Crown has moved to dismiss the case, saying it wasn't close enough to PCI to be considered an "insider." Dahl dismissed the lawsuit as one of scores of clawback lawsuits and insisted the bank was not a central player in Petters operations. Howk and Petters were not close personal friends, he said.
"It was categorically nothing but business," Dahl said.
Of the use of PCI funds to make payments on his personal loans from Crown Bank, Dahl said, "that's not illegal."
"It was within his rights and consistent with banking regulations and guidelines," Dahl said.
The motion to dismiss is awaiting a decision by U.S. Bankruptcy Judge Gregory Kishel, and the case remains on hold.
It's one of about 200 clawback lawsuits the trustee has filed against former Petters employees, associates and others who got payments from Petters -- including about six banks. Kelley is trying to recover $1.6 billion. So far, he's collected about $260 million.
Beal, the Nevada bank, sued Crown in November in U.S. District Court in Minnesota. Also named as defendants are StoneArch Fund IV LLC, the Citizens State Bank of Olivia, North American Banking Co. and Bruce K. Hoyt.
Beal accuses Crown of fraud, conspiracy and breach of fiduciary duty, among other things, related to a $3 million participation loan the banks made to Steve Hoyt in 2007. Hoyt filed for Chapter 11 bankruptcy protection last May.
The trouble started in 2010 after Hoyt defaulted. Beal accuses Crown of orchestrating a scheme to get the bad loan off the bank's books in which Hoyt, Hoyt's father and an associate created an entity called StoneArch IV to buy the banks' interests in the soured loan, except for Beal's 50 percent interest.
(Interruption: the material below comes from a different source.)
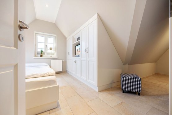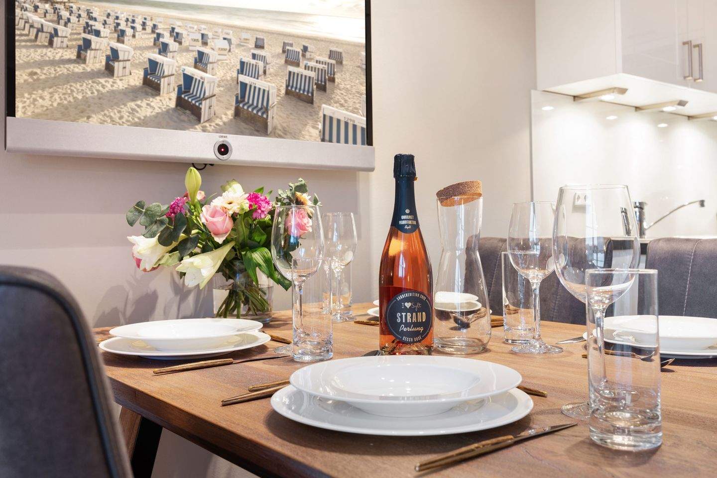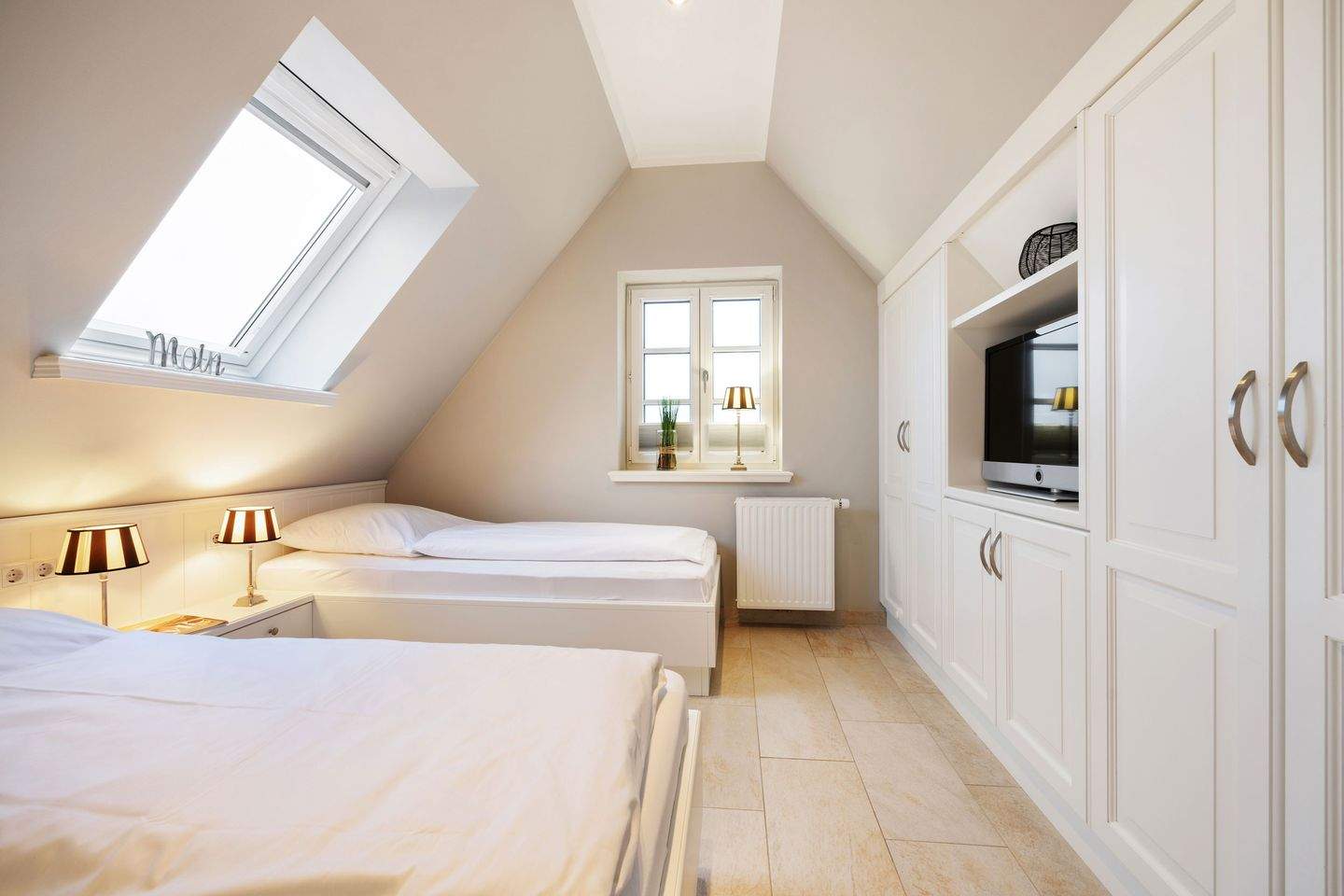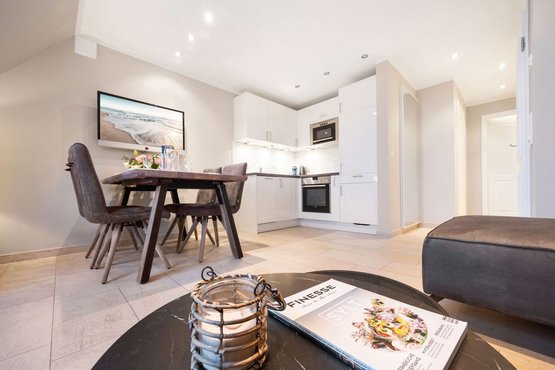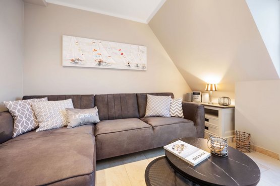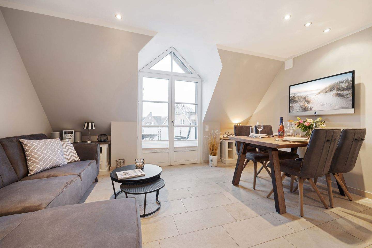 Exklusive, moderne 3-Zimmer-Ferienwohnung mit ca. 60 m² über 2 Ebenen (OG, DG) für bis zu 4 Personen. Sehr komfortabel, sehr strandnah, mit Balkon nach Westen.

StoneArch IV financed the purchase with a $1.3 million loan from Crown. As part of the deal, Beal asserts, Crown consolidated several loans Hoyt had with the bank, including the $3 million participation loan, into a new loan with more security, and released Hoyt from any previous defaults.
Beal claims Crown didn't tell it about the sale until after it was completed, concealed Hoyt's involvement in StoneArch IV and concealed interest payments Crown received.
Crown denied any wrongdoing. Dahl called Beal's lawsuit "unfounded and premature" and said the proper venue for dealing with the complex issues it rases is in Hoyt's bankruptcy case.
"It's completely within our rights to sell our interests to anyone we want to," he said.